Winter, after some rain, is a good time to see this wet-weather cascade waterfall. It’s a well-known scene among local residents. With the leaves off the trees, you can get a look at all but the uppermost part of this waterfall as it tumbles down the limestone shelves to the Kentucky River. This photo was taken this past Thursday after a couple of days of rain. It is roadside between the highway 627 bridge and Hall’s Restaurant in Clark County; there is space at the waterfall to pull your car off the road.
The falls takes its name from the spring from which it begins, Coffee Springs. The spring was named after Ambrose Coffee, a Kentucky pioneer and early Fort Boonesborough settler. Fort Boonesborough was only about one and a half miles upriver.
After the Civil War, a former enslaved person who had served in the Union Army, Fielding Lisle, purchased 20 acres near the spring and started a black community there that we know as Lisletown.
Today, Coffee Springs and most of the waterfall are owned by the Allen Company. Part of the lowest section is owned by the Southwest Clark Neighborhood Association. There is evidence of a former structure that was situated several feet above the road and to the right of the falls, in the part now owned by the SWCNA. I seem to recall a small house or cabin still standing there at least 40 years ago.

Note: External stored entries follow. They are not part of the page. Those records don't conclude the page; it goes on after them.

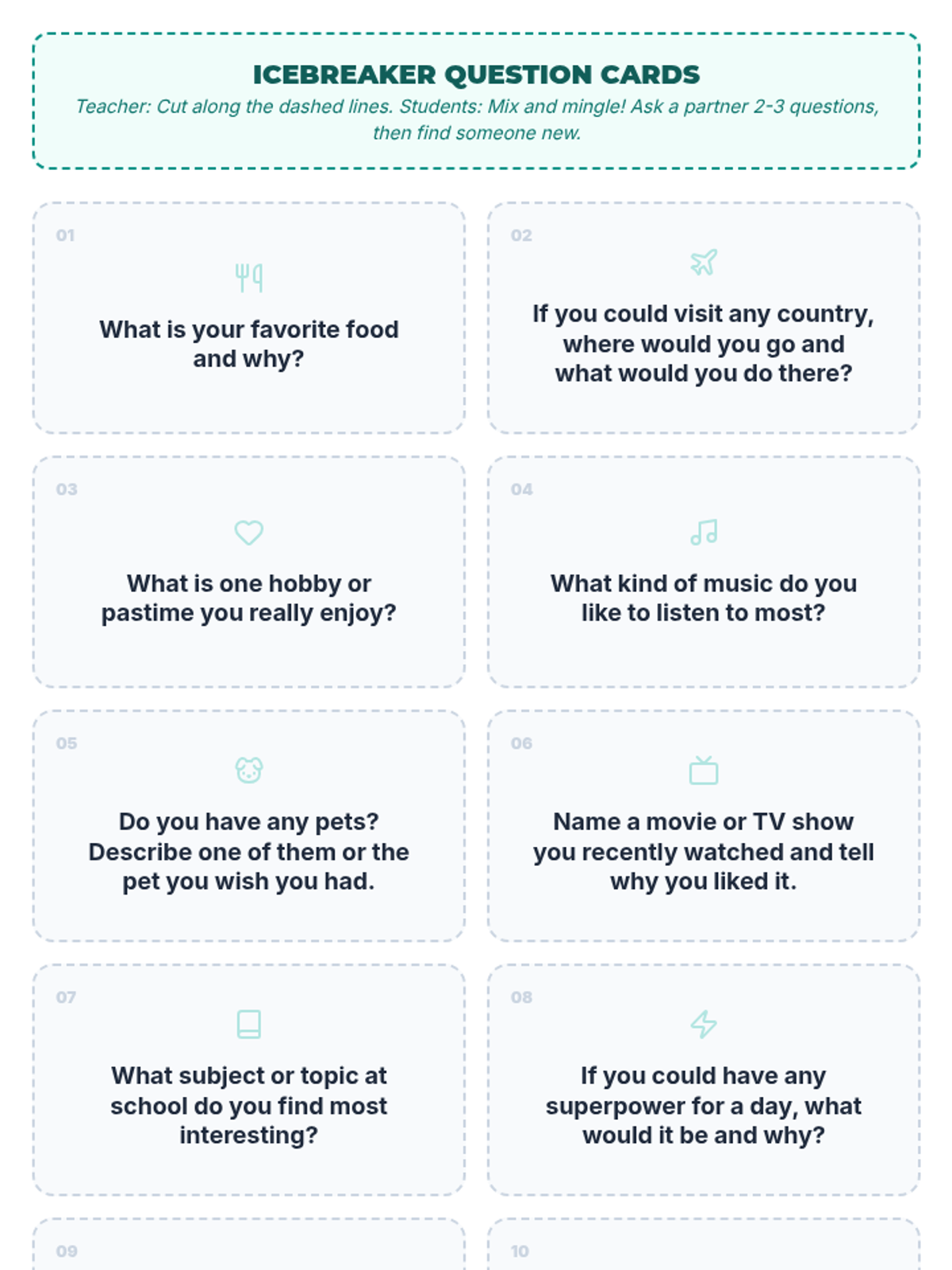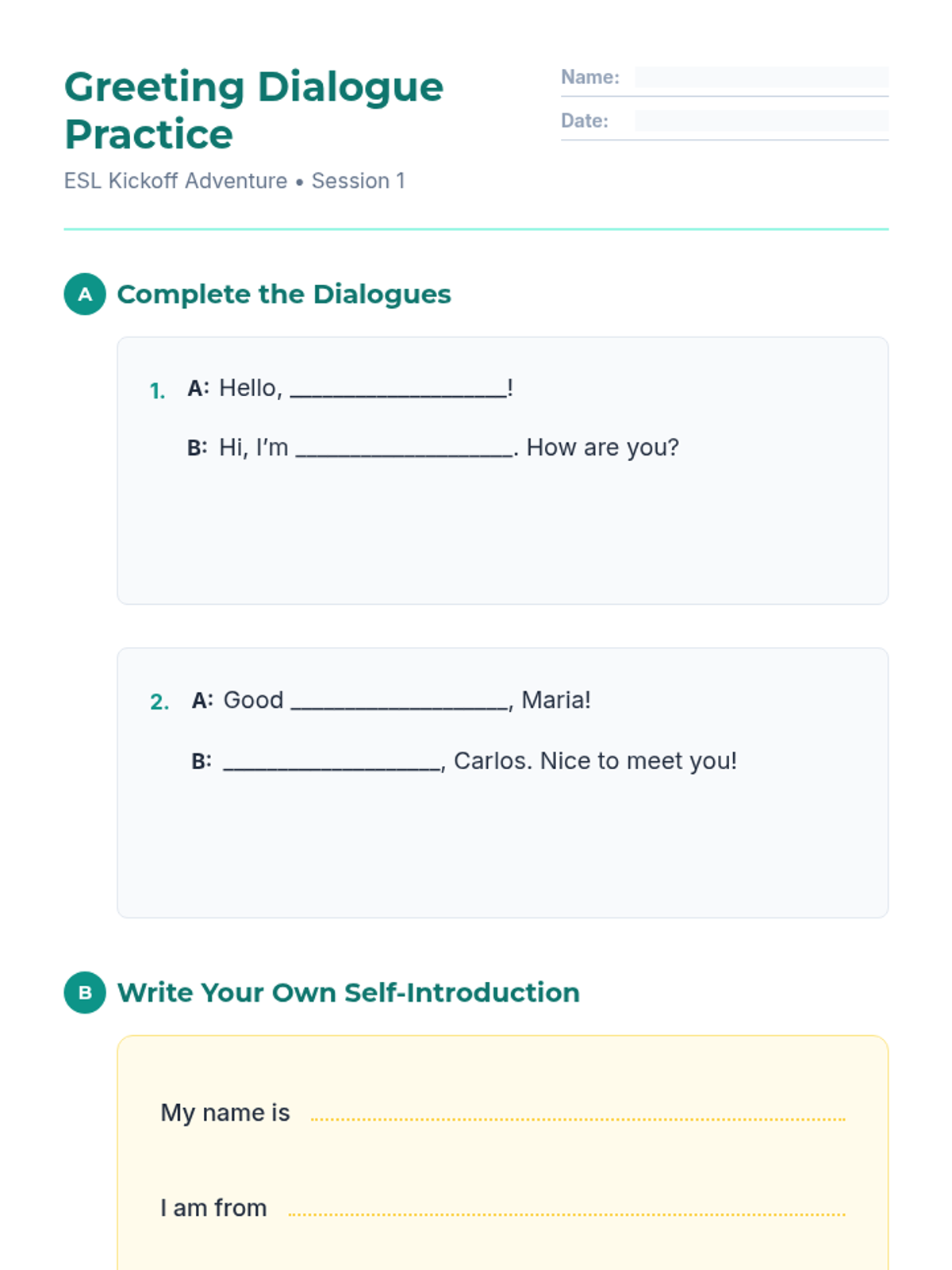 A three-session introductory ESL sequence designed for Spanish-speaking teenagers to build confidence and community through interactive ice-breakers and guided conversations.
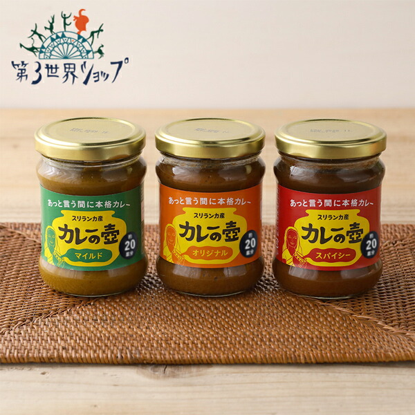20分で本格カレー!魔法のスパイス調味料。第3世界ショップ カレーの壺 (マイルド・オリジナル・スパイシー)キャッチ—なラベルの「カレーの壺」はたっぷりのスパイスと野菜の旨みがギュッと詰まったペースト状の「万能カレー調味料」。 |
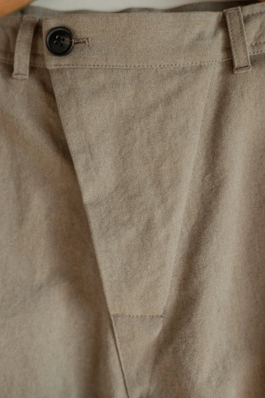 JAN-JAN VAN ESSCHE OVERSIZED 6-POCKET WORKWEAR STYLE TROUSERS CHAMBRAY CANVAS BROWN GREEN
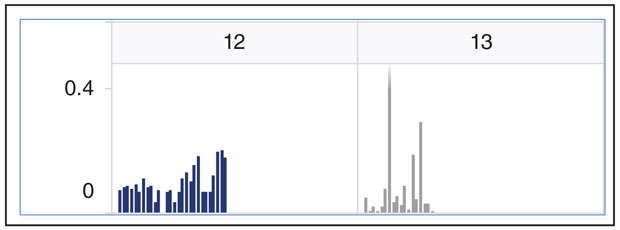 Figure 1 shows the results for two adjacent stages (stages 12 and 13). The vertical axis represents the eroded area of the perforation. The initial perforation size was 0.42 inch, which is the “0” point on the vertical axis. The “0.4” point on the vertical axis represents an eroded area of 0.4 square inch above the baseline of 0.42 inch. Stage 12 is a microproppant stage and each vertical blue line represents one perforation. This stage was a 10-cluster design with three perforations for each cluster, for a total of 30 perforations. If one counts the blue lines, 28 of the 30 perforations (or 98%) received proppant. On stage 13, which was also perforated with 30 perforations, 17 of the 30 perforations (57%) received proppant. Stage 13 also shows that perforation No. 7 was a “runaway” perforation that took a large portion of the total treatment.
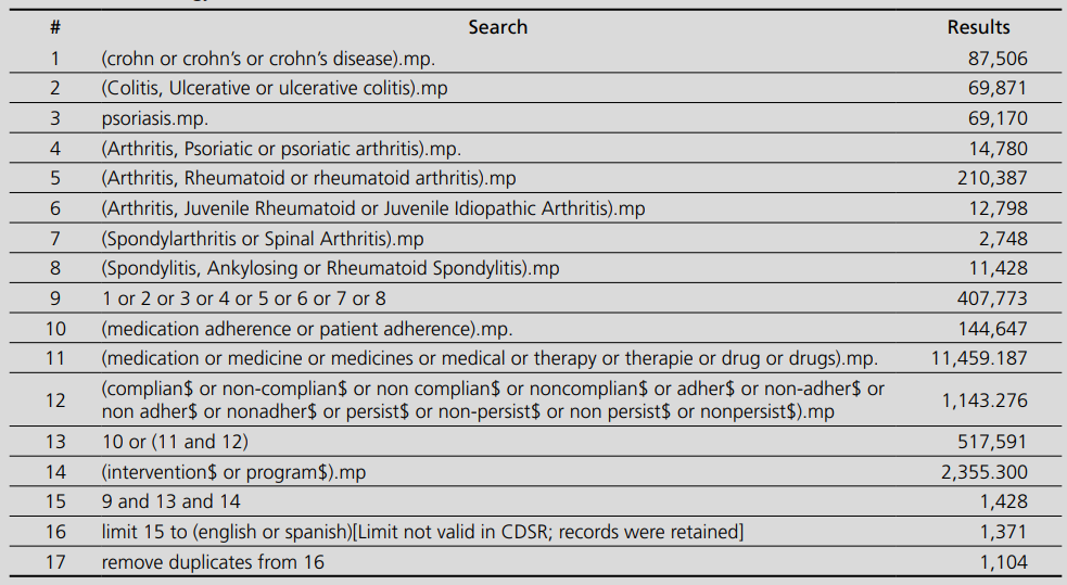 Firstly, a systematic review was conducted of the interventions for improving treatment adherence in inflammatory conditions, which was used as the basis for preparing the initial recommendations. The search was started on March, 24th, 2013, without any time limitations, in the following databases: EBM Reviews, Cochrane Database of Systematic Reviews (2005 to March 2013), Embase (1988 to 2013, week 16) and MedLine through the OVID platform (1946 until the current day). The search strategy in order to identify all relevant studies included terms associated with the conditions studied, adherence and persistence, and was limited to studies published in English and Spanish (Table 1). Studies were considered eligible if: (i) they included patients with a confirmed diagnosis of an inflammatory condition (Rheumatoid Arthritis, Polyarticular Juvenile Idiopathic Arthritis, Axial Spondyloarthritis, Ankylosing Spondylitis, Psoriatic Arthritis, Psoriasis, Crohn’s Disease, and Ulcerative Colitis) under drug treatment; (ii) there was an assessment of any intervention or method used for improving drug treatment adherence; and (iii) they presented a comparative or non-comparative experimental design, including observational studies or systematic reviews. The following were excluded: non-systematic bibliographic reviews, editorials and opinion articles, as well as presentations to congresses. Two independent reviewers selected the studies according to previously defined criteria, in two structured stages of reading the title and abstract (1) and the complete text (2). Discrepancies were sorted out by consensus.
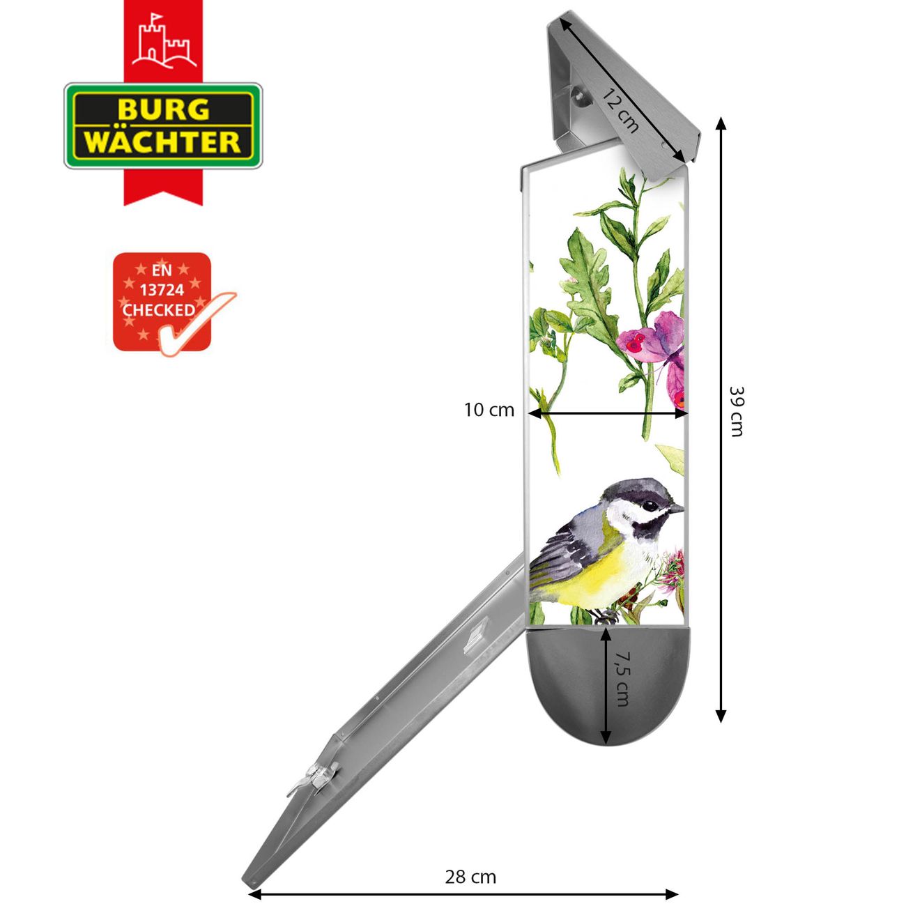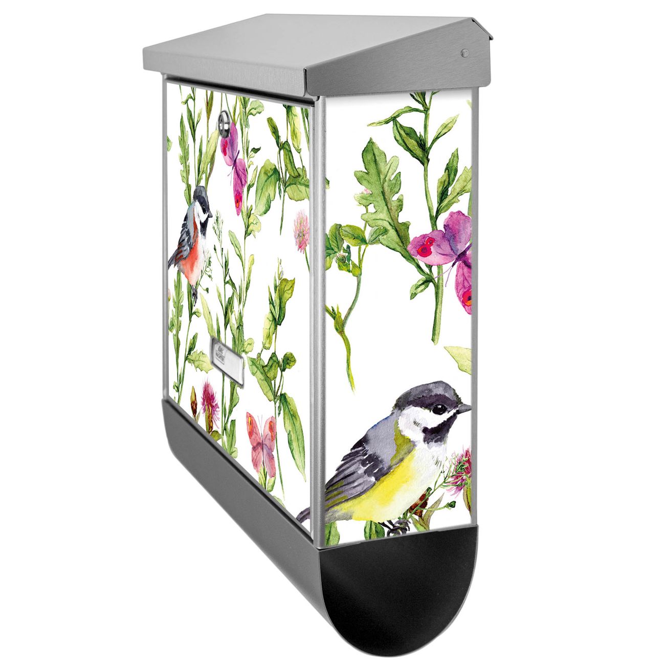 Der BURG-WÄCHTER Edelstahl Briefkasten mit Motiv Meisen im Klee und Zeitungsrolle bietet Ihnen mit seinem Fassungsvermögen genügend Platz auch für große A4 Sendungen und Zeitschriften. Das integrierte Regendach schützt Ihre Post vor dem Eindringen von Regen.
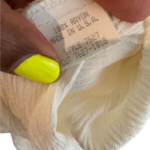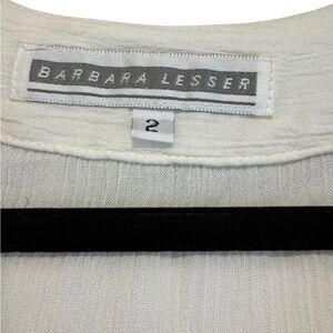 Vintage Barbara Lesser Maxi Sleeveless Ivory Dress with Turquoise Buttons is in excellent preowned condition. There are small slits on each side of the dress. This is lightweight and breezy and makes for a great dress or beach coverup. It is not sheer but my hand can be seen through the fabric.
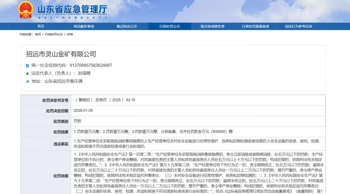 同日,招远市灵山金矿有限公司(简称“灵山金矿”)因“生产经营单位未采取措施消除事故隐患”、“生产经营单位未对安全设备进行经常性维护、保养和定期检测或者检查”、“安全设备的安装、使用、检测、改造和报废不符合国家标准或者行业标准”三项违法行为,被招远市应急管理局处以罚款3万元处罚。
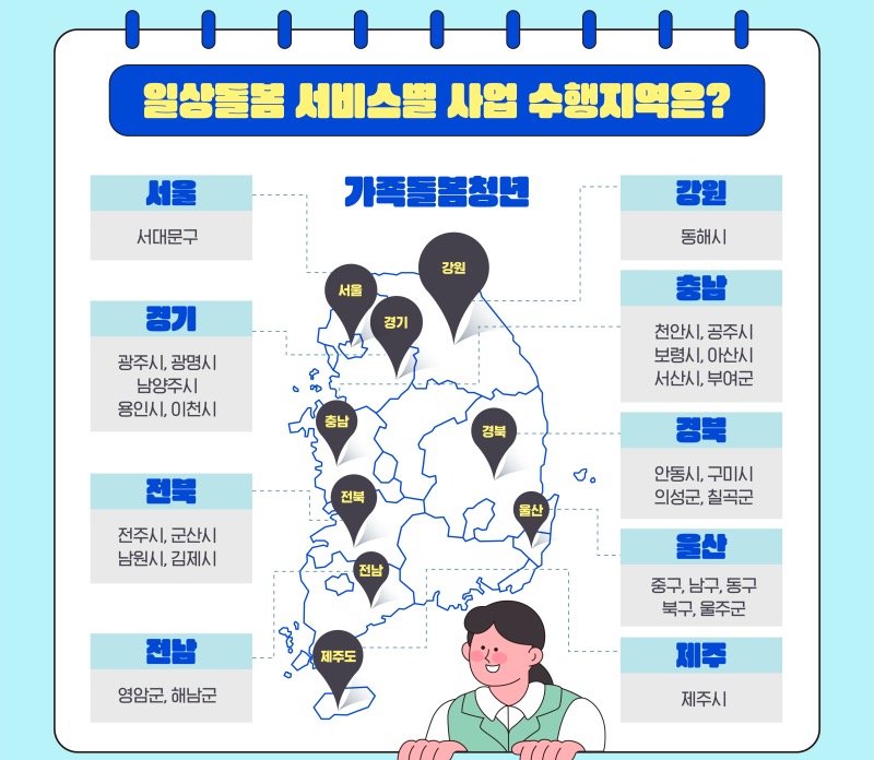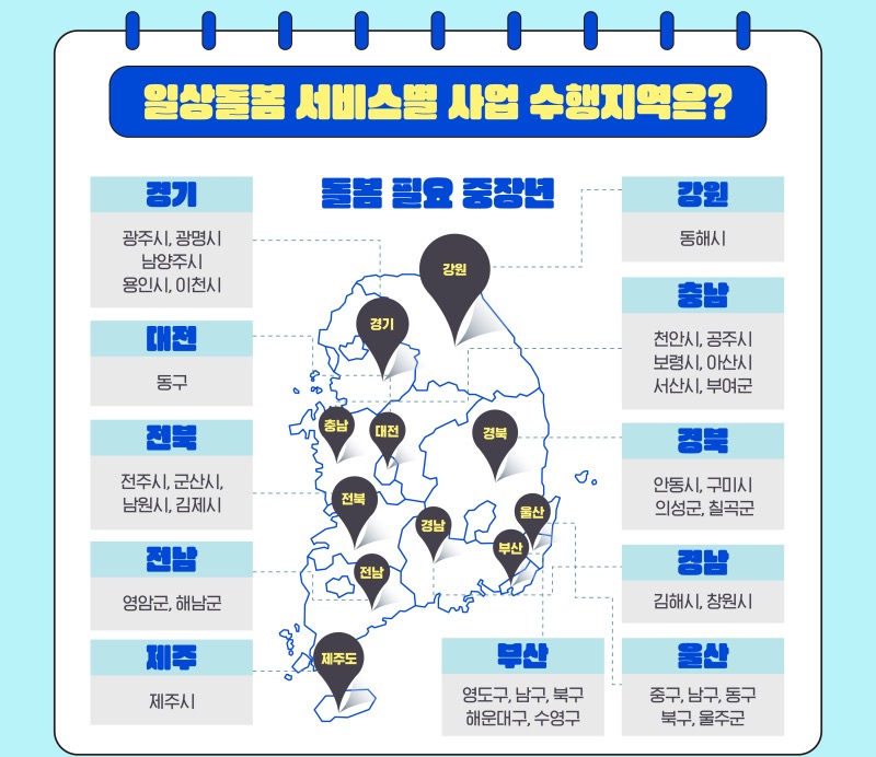 일상돌봄 서비스는 모든 사업 수행지역이 공통적으로 제공하는 기본 서비스인 재가 돌봄·가사 서비스와 각 지역이 지역의 수요·여건을 반영해 자체적으로 기획·제공하는 특화 서비스 두 가지로 나뉩니다.
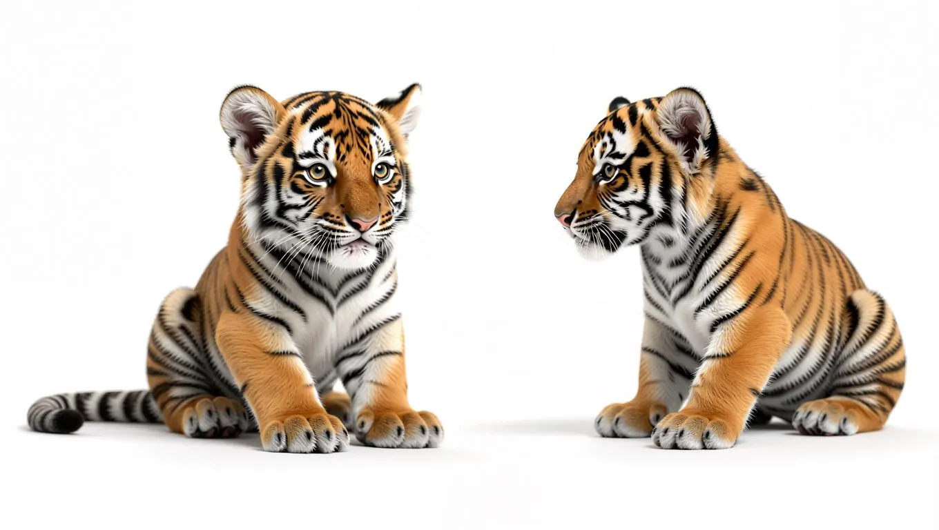 Generate photorealistic baby tiger images with our AI tool. Ultra-detailed miniature tiger cub in 4K - sitting front, playful side, and back views. White background, shallow depth of field, 85mm lens effect. Rendered in Unreal Engine. Perfect soft fur texture and realistic anatomy. Create professional AI-generated images effortlessly on VIVAGO.AI.
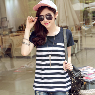 • 女式圓領(lǐng)打底衫短袖小清新條紋t恤全棉2015夏裝新品上衣一件代發(fā) /
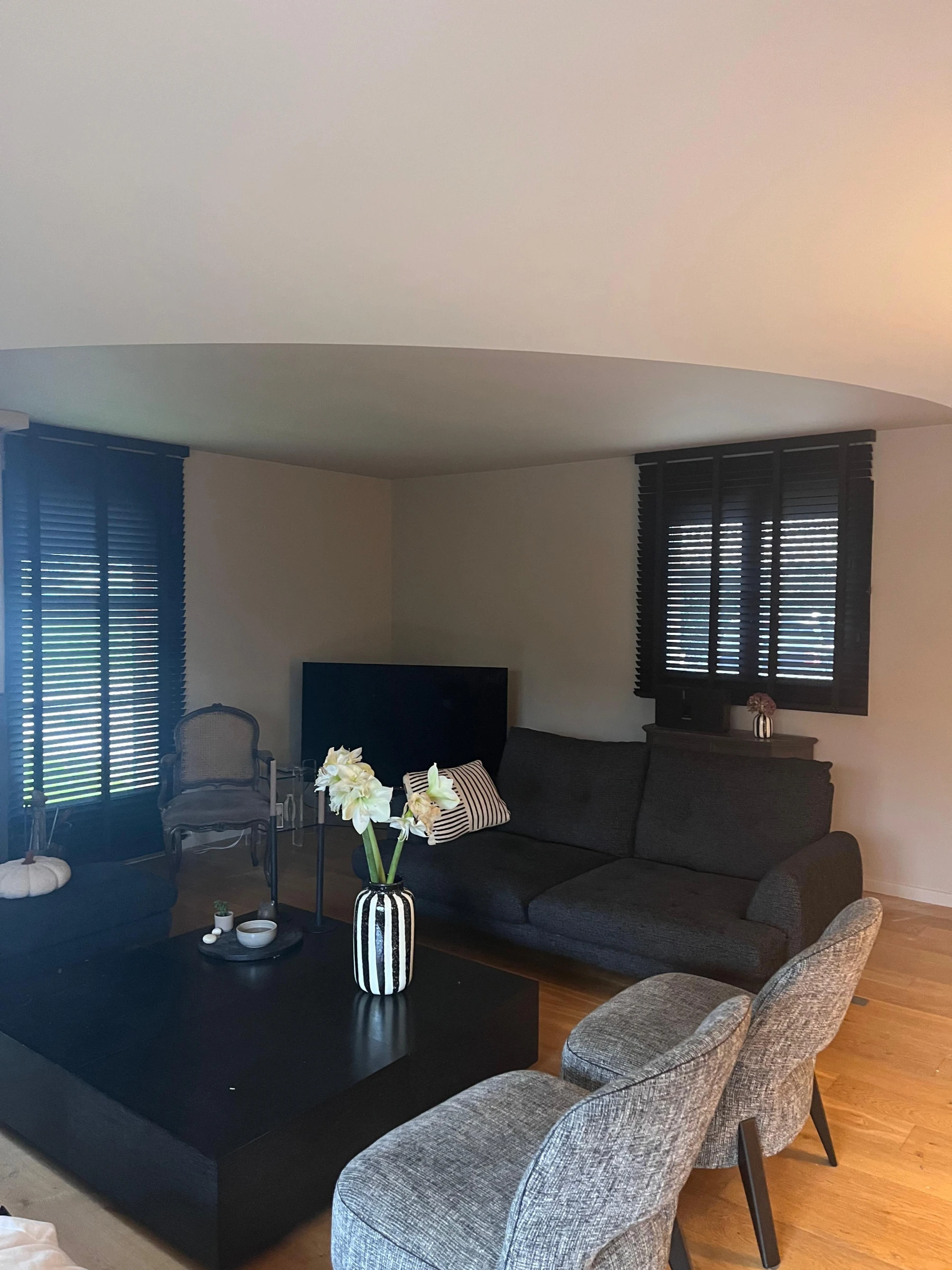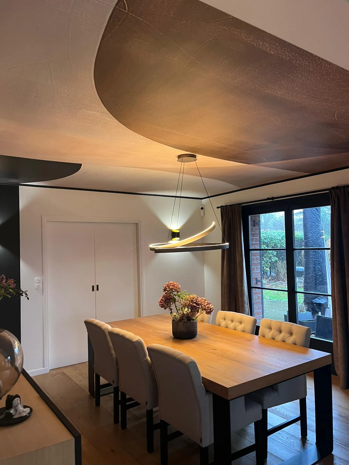 Côté salon, l’ambiance devient plus feutrée grâce à la création d’un demi-cercle au plafond, peint dans une teinte directement inspirée du panoramique Rebel Walls. Ce traitement des volumes adoucit les lignes, structure l’espace et crée une transition élégante entre les différentes zones de vie.

From a geologic perspective, the waterfall starts at Coffee Springs in the Lexington Layer of limestone and then travels down through the Tyrone Layer and Oregon Formation to the Camp Nelson Layer. The Camp Nelson Layer has the oldest rocks exposed at the surface of the ground in Kentucky (450−470 million years old) and can be seen at the base of the palisades all along the Kentucky River between Boonesboro and Frankfort.